Taken together, the ION trials included 1952 randomised and treated patients. A majority (60%) were men, most were white, 16% were black, and the median age was 53 years. Looking at factors associated with poorer response, 74% had harder-to-treat HCV subtype 1a (vs 1b), 23% were treatment-experienced (including 12% who had previously tried triple therapy with the first-generation HCV protease inhibitors boceprevir [Victrelis] or telaprevir [Incivek]), 12% had compensated liver cirrhosis, 26% had a body mass index >30, 75% had an unfavourable IL28B gene pattern, and most (82%) had high HCV viral load >800,000 IU/ml.

The primary endpoint in all the trials was sustained virological response, or continued undetectable HCV RNA viral load, at 12 weeks after completion of treatment (SVR12).

Results

  • Overall, 97% of all patients achieved SVR12:

o   ION-1: 97% to 99%;

o   ION-2: 94% to 99%;

o   ION-3: 93% to 95%.

  • Among the 3% of participants who did not achieve SVR12:

o   1.8% relapsed after completing therapy;

o   0.1% experienced viral breakthrough while still on treatment;

o   1.3% were lost to follow-up or withdrew consent.

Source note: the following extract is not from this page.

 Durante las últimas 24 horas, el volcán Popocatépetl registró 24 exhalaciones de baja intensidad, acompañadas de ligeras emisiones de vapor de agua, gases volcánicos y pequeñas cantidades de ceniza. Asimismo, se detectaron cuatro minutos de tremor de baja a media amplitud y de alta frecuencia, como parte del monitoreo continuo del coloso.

Overall, there was no significant difference in response rates between patients treated for 12 or 24 weeks.

In ION-3, relapse was more common in the 8-week arm compared with the 12-week arm (5 vs 1%), mostly occurring in people with high baseline HCV viral load. A cut-off of 6 million IU/ml was found to be the threshold for poorer response with 8 weeks of treatment in an ad hoc analysis.

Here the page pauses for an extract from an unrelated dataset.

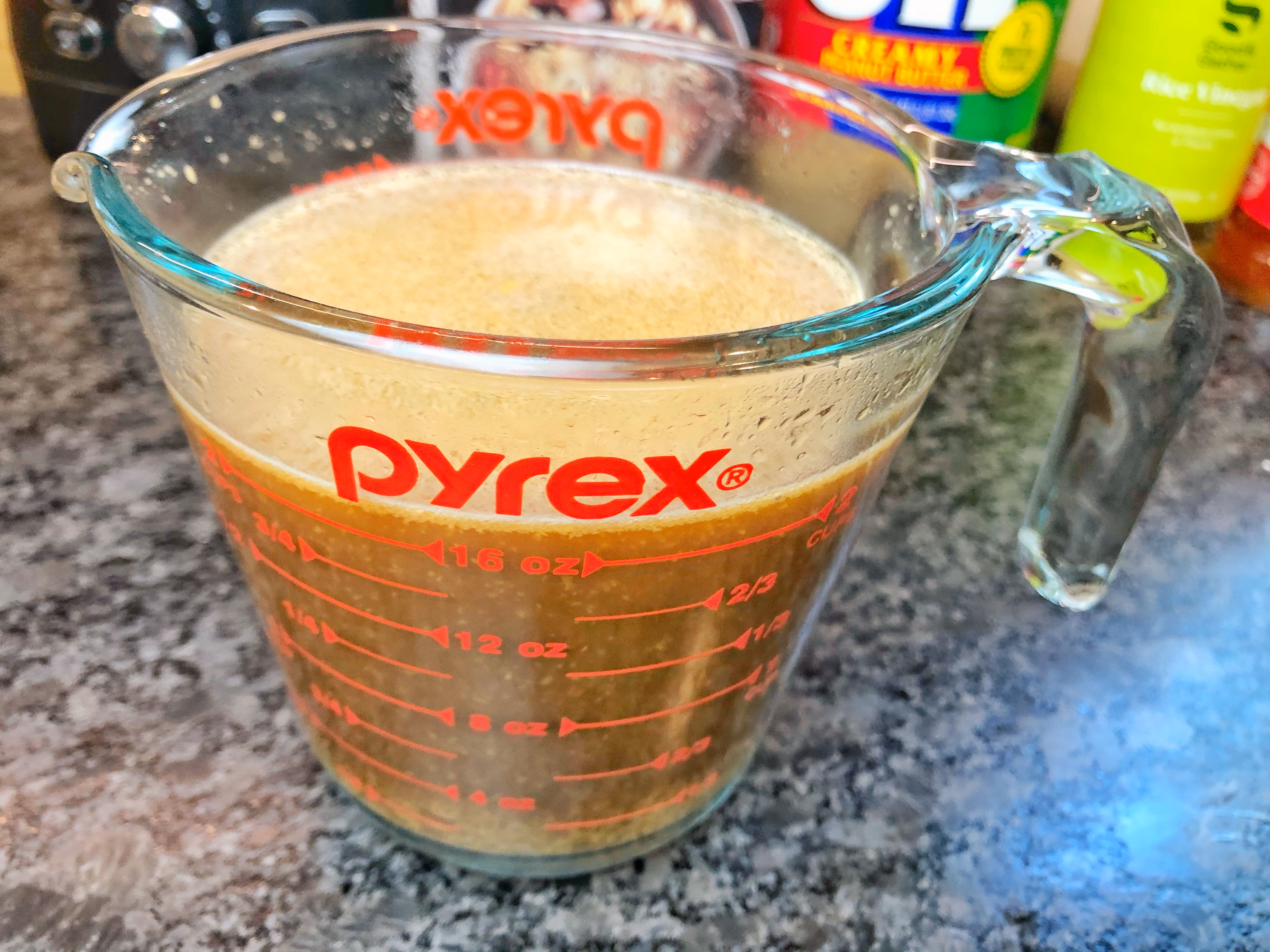 In a large liquid measuring cup, add 1 1/2 cups chicken broth, 1/4 cup peanut butter, 1/4 cup soy sauce, 1 teaspoon chili garlic sauce, 2 tablespoons cornstarch, 1 tablespoon brown sugar, 1 tablespoon rice vinegar, and 2 teaspoons sesame oil. Whisk to combine.

People with cirrhosis had somewhat poorer response in the 12-week compared with 24-week treatment arms – confirming that people with cirrhosis should not be treated for only 8 weeks.

There was no significant difference in response rates between people who did or did not receive ribavirin.

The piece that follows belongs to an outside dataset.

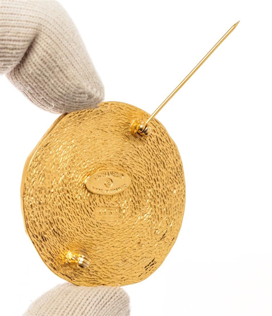 Chanel Gold Plated Rue Cambon Brooch. All available information is listed in the description and shown in the photos. Chanel Gold Plated Rue Cambon Brooch with enriched gold plated brass brooch in a round shape, embossed with iconic 3301 rue cambon paris logo, the brooch is stamped with an authenticity mark, the pin on the back is secure with excellent tension.

Sofosbuvir/ledipasvir was generally safe and well-tolerated. Serious adverse events were uncommon (2% with and 3% without ribavirin), as were treatment discontinuations due to adverse events (1% with or without ribavirin). The most common side-effects were fatigue, headache, nausea, and insomnia. A majority of adverse events – including decreased haemoglobin – occurred more often among people who received ribavirin.

"All-oral, interferon-free therapy with ledipasvir/sofosbuvir for 8, 12, or 24 weeks resulted in high SVR in genotype 1 HCV," the researchers concluded. "Addition of ribavirin did not increase rate of SVR and resulted in more frequent adverse events and laboratory abnormalities."

References

Sulkowski M et al. Ledipasvir/sofosbuvir is safe and effective as a single-tablet-regimen for treatment of patients with genotype 1 chronic hepatitis C virus, including those with compensated cirrhosis. IDWeek 2014. Philadelphia, October 8-12, 2014. Abstract 1223.